*** Recorded data Section Begins ***

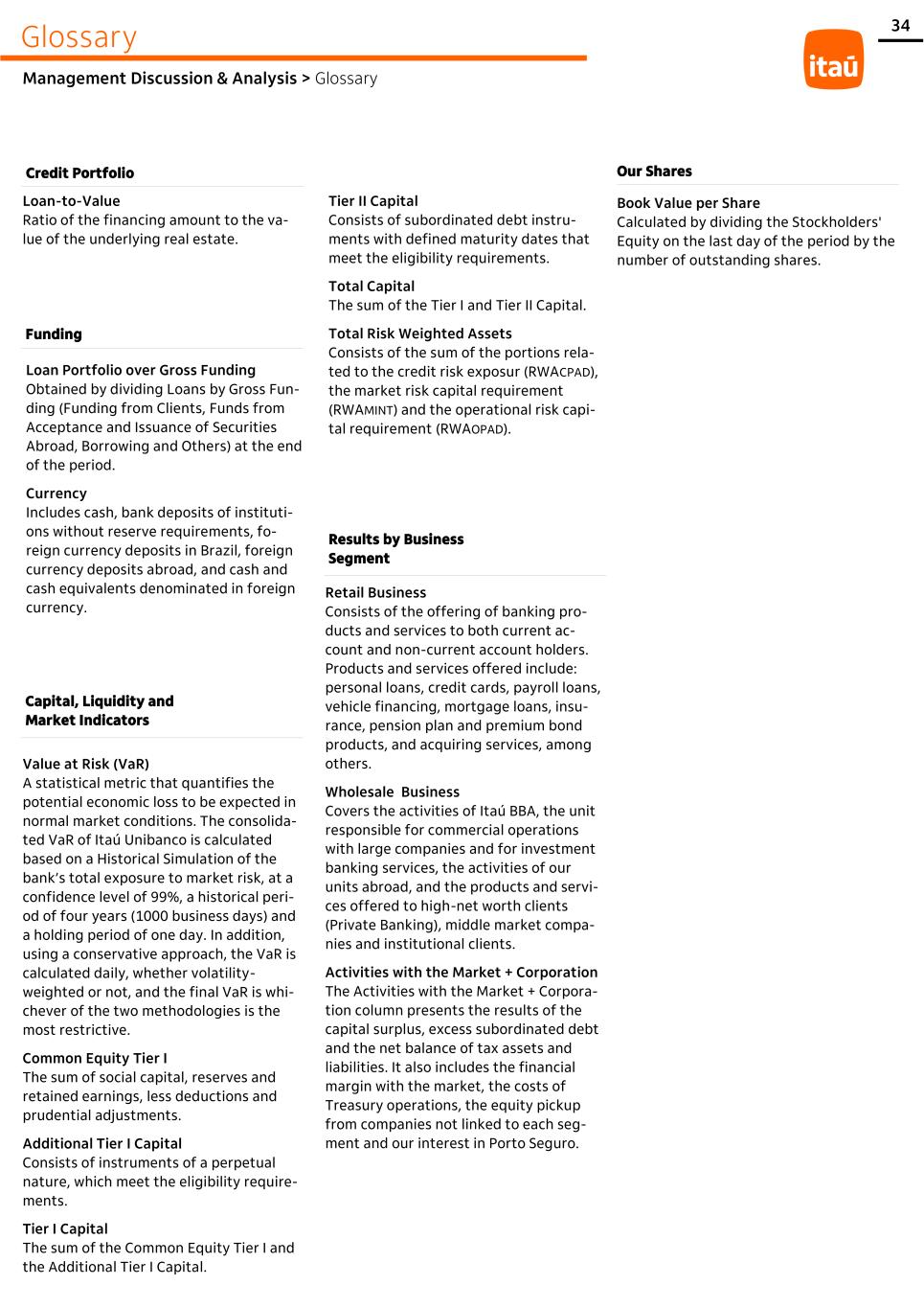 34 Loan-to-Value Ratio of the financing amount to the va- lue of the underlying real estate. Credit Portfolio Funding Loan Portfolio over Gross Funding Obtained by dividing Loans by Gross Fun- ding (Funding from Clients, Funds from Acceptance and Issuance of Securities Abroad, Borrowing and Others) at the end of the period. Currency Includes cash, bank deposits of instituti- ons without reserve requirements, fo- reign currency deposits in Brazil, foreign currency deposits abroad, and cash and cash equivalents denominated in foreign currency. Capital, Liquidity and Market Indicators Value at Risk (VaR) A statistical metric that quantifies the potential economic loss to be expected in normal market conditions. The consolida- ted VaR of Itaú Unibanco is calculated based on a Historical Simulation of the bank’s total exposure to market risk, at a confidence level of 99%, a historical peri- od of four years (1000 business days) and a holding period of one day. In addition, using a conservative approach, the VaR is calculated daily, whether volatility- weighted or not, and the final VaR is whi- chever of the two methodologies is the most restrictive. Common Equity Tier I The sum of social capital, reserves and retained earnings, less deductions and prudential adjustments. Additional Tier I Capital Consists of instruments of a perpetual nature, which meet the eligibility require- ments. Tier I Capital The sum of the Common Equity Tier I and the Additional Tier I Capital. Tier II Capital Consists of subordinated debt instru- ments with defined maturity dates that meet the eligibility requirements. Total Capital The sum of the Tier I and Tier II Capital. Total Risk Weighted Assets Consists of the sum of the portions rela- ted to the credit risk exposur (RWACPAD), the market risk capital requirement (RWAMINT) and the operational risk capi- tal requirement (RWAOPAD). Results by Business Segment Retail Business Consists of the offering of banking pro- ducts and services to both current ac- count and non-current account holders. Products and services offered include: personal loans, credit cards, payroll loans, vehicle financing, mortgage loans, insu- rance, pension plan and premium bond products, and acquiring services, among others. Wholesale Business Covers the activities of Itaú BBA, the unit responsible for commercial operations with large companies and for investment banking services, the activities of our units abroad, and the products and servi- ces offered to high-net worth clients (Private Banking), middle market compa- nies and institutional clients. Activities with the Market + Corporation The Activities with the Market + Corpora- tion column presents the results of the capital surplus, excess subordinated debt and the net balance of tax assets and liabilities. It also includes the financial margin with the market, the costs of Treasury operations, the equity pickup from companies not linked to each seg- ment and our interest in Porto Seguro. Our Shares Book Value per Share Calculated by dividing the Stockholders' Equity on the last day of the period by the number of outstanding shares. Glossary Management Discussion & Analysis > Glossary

*** Recorded data Section Ends ***
*** Recorded data Section Begins ***

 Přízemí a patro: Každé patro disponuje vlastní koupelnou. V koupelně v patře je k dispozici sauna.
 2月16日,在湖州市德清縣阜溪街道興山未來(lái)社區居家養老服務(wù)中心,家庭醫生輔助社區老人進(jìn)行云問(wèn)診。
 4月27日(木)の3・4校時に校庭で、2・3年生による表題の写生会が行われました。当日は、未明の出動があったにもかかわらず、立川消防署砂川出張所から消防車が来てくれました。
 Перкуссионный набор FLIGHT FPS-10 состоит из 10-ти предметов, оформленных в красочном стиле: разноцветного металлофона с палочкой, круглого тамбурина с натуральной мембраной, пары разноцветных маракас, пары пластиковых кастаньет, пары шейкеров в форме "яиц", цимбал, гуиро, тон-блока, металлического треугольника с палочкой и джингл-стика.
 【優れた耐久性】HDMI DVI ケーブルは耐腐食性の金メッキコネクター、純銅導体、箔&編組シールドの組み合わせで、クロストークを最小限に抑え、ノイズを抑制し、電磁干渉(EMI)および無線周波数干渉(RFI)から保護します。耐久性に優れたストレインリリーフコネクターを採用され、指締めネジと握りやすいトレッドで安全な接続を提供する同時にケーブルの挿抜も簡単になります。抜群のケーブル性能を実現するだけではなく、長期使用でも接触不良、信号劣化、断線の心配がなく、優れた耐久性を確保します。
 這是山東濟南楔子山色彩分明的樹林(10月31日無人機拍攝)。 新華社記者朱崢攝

*** Recorded data Section Ends ***

Work item: Set down, unchanged, only those lines above that fall between the line with "Přízemí a patro: Každé" and the line with "Перкуссионный набор FLIGHT", the two end lines included.

The answer:
 Přízemí a patro: Každé patro disponuje vlastní koupelnou. V koupelně v patře je k dispozici sauna.
 2月16日,在湖州市德清縣阜溪街道興山未來(lái)社區居家養老服務(wù)中心,家庭醫生輔助社區老人進(jìn)行云問(wèn)診。
 4月27日(木)の3・4校時に校庭で、2・3年生による表題の写生会が行われました。当日は、未明の出動があったにもかかわらず、立川消防署砂川出張所から消防車が来てくれました。
 Перкуссионный набор FLIGHT FPS-10 состоит из 10-ти предметов, оформленных в красочном стиле: разноцветного металлофона с палочкой, круглого тамбурина с натуральной мембраной, пары разноцветных маракас, пары пластиковых кастаньет, пары шейкеров в форме "яиц", цимбал, гуиро, тон-блока, металлического треугольника с палочкой и джингл-стика.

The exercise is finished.